Queen's Theatre, London

Deborah Warner's production for the Abbey Theatre of Euripides's Medea, translated and adapted by the late Kenneth McLeish and…

Deborah Warner's production for the Abbey Theatre of Euripides's Medea, translated and adapted by the late Kenneth McLeish and by Frederic Raphael, and the title role played wondrously by Fiona Shaw, won a spontaneous and sustained standing ovation from a West End audience on its opening on Shaftesbury Avenue on Tuesday night. Despite extensive re-casting (of all but Shaw's Medea and Leo Wringer's Aegeus) it is essentially the same as was seen in the Abbey last June. But it has become more assertive, less carefully understated than it was in Dublin, and Shaw's Medea has become significantly less diffident, less overtly house-wifely, than she was.

The production remains steadfastly (perhaps now with more emphatic irony) a strong feminist polemic for the 21st century while remaining true to its roots in the classic Greek tragedy of 431 BC. The chorus here is more clearly and more emphatically participative in the action, its members retaining their individuality, as was the case in the Dublin staging, and not having the problems with the sound balance that was evident in the Abbey. Siobhan McCarthy's nurse is much stronger than was Fiona Bell's in Dublin, and Jonathan Slinger's tutor is more athletically involved with Medea's two doomed children than was Garrett Keogh's. Nurse and tutor between them, in the opening scene, now create more fear and panic over what might be coming later.

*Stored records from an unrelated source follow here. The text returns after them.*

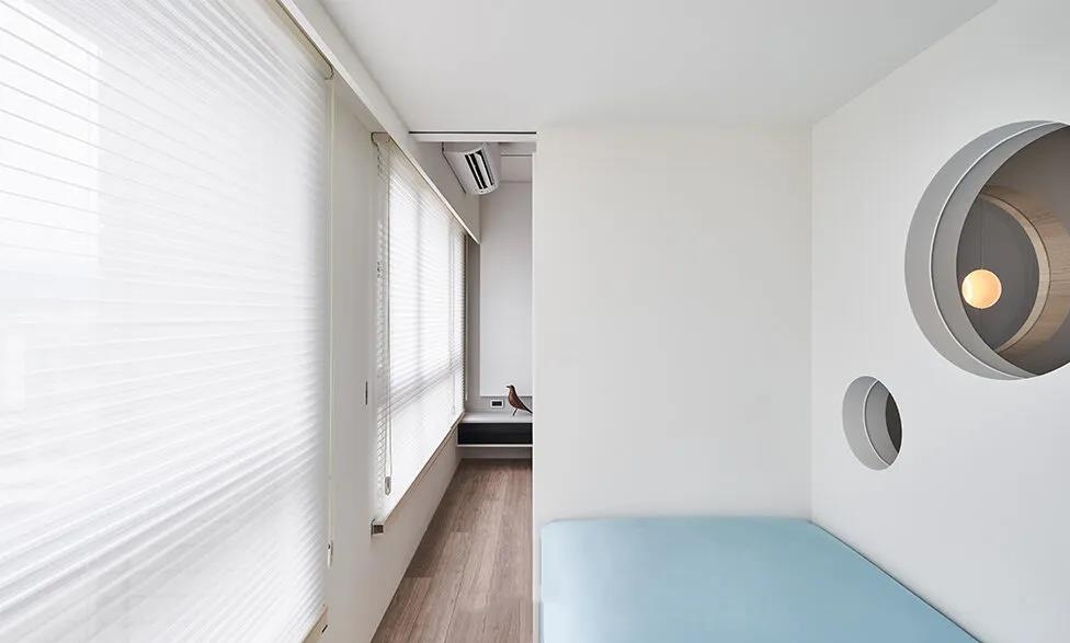 客厅与儿童房还有另一个通道并且共享同一面窗户的采光,来到儿童房的两个卧室由隔墙和移门分隔,隔墙上留有可开关的圆孔可以满足孩子们的交流需要。
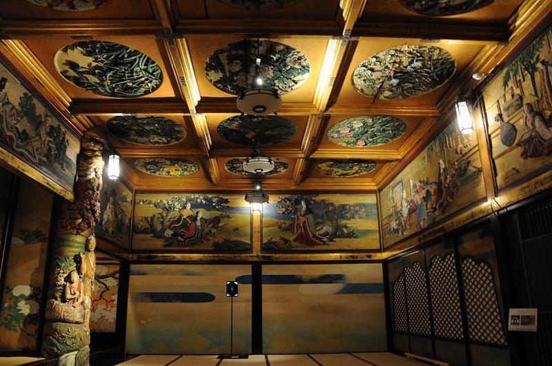 格天井には「菊池華秋」原図による四季草花、欄間は尾竹竹坡原図の藤原時代上流風俗を
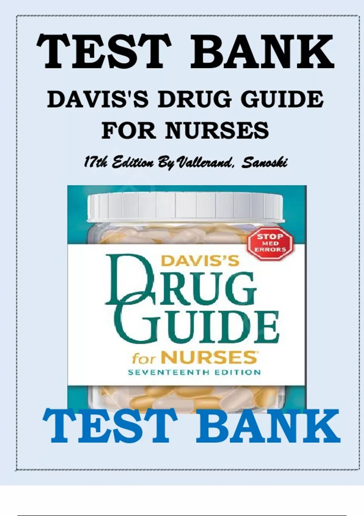 ,Davis’s Drug Guide for Nurses, 17 Edition Vallerand. Sanoski Test Bank
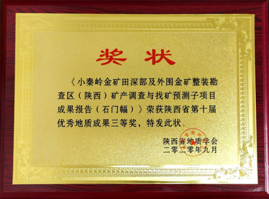 我公司一項(xiàng)目喜獲陜西省地質(zhì)學(xué)會(huì)第十屆優(yōu)秀地質(zhì)成果獎(jiǎng)
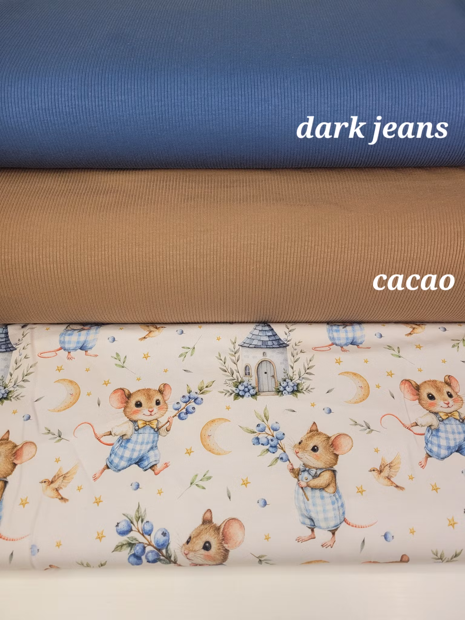 Mus med blåbær jersey På lager Antall: 10 24,- LEGG I HANDLEKURVEN Mus med blåbærEigenprodusert jerseyBredde: 150 cm220 gram pr kvm92% Bomull 8% LycraOeko Tex sertifisertAnbefalt maskinvask på 30 grader.1 = 10 cm2 = 20 cm3 = 30 cmosv.
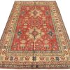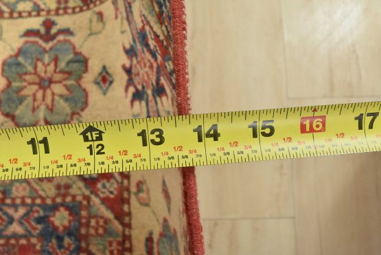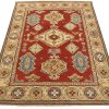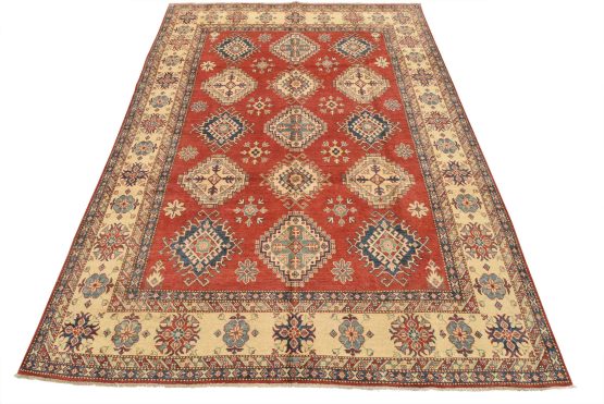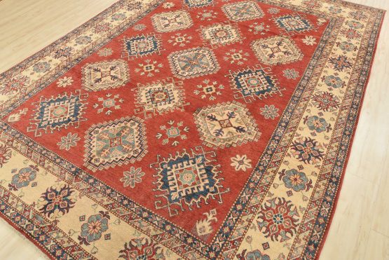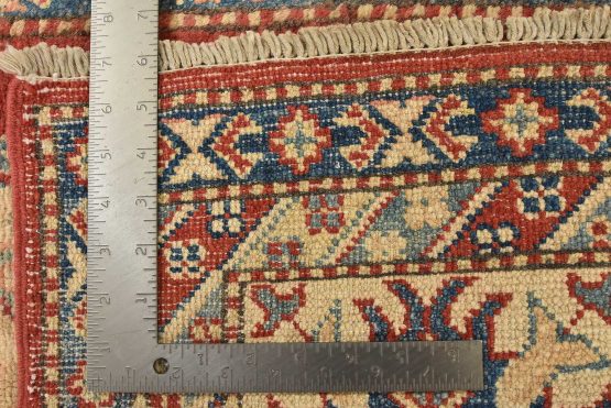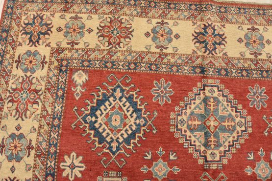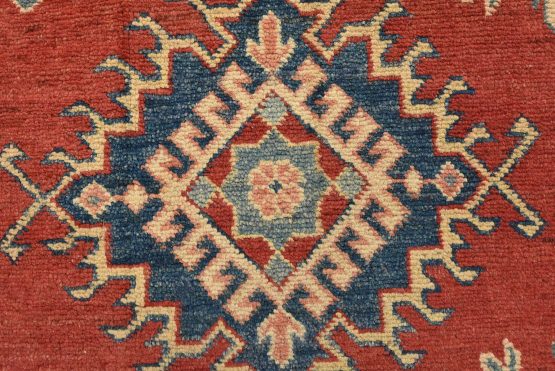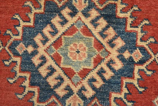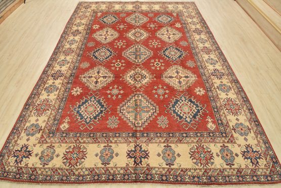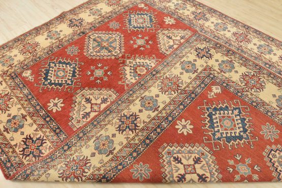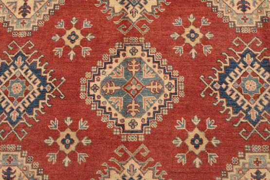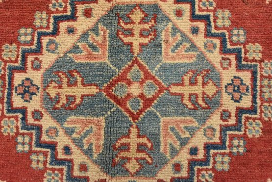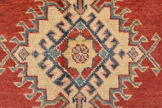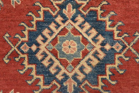 A tribal Caucasian Kazak rug hand-knotted with an all-wool pile on a cotton foundation. This oriental rug features rows of geometric medallions set against a red background. It is new and in excellent condition.
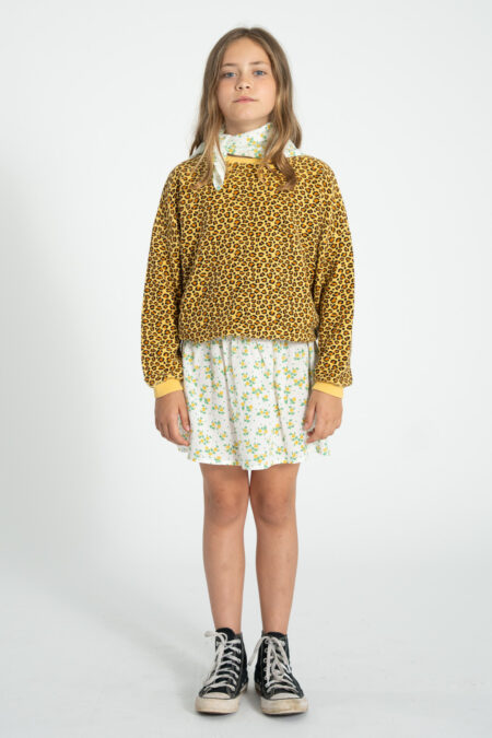 Sweatshirt in organic terry cotton with front and back prints. Ribbed hems. Red buttons on shoulder for baby sizes.

Jonathan Cake's Jason is more the silver-tongued philanderer, where Patrick Kane's original Jason was the blustering male exposed in his desertion and personal ambition. But it is just as clear that this wretched man will not escape the terrible vengeance that Shaw's Medea will exact. If this reviewer preferred the overtly "domestic" diffidence evident in the Dublin performance, Shaw's remains one of the bravest, most telling, most physical and most frightening characterisations seen in some 50 years of theatre-going. It can be seen in London for the next 10 weeks and, given that the production now involves Andrew Lloyd Webber's Really Useful Theatre Group as well as Max Weitzenhoffer and Roger Berlind, both of whom have impressive New York credentials, it seems destined to create on Broadway the sensation it has already created in Dublin and London.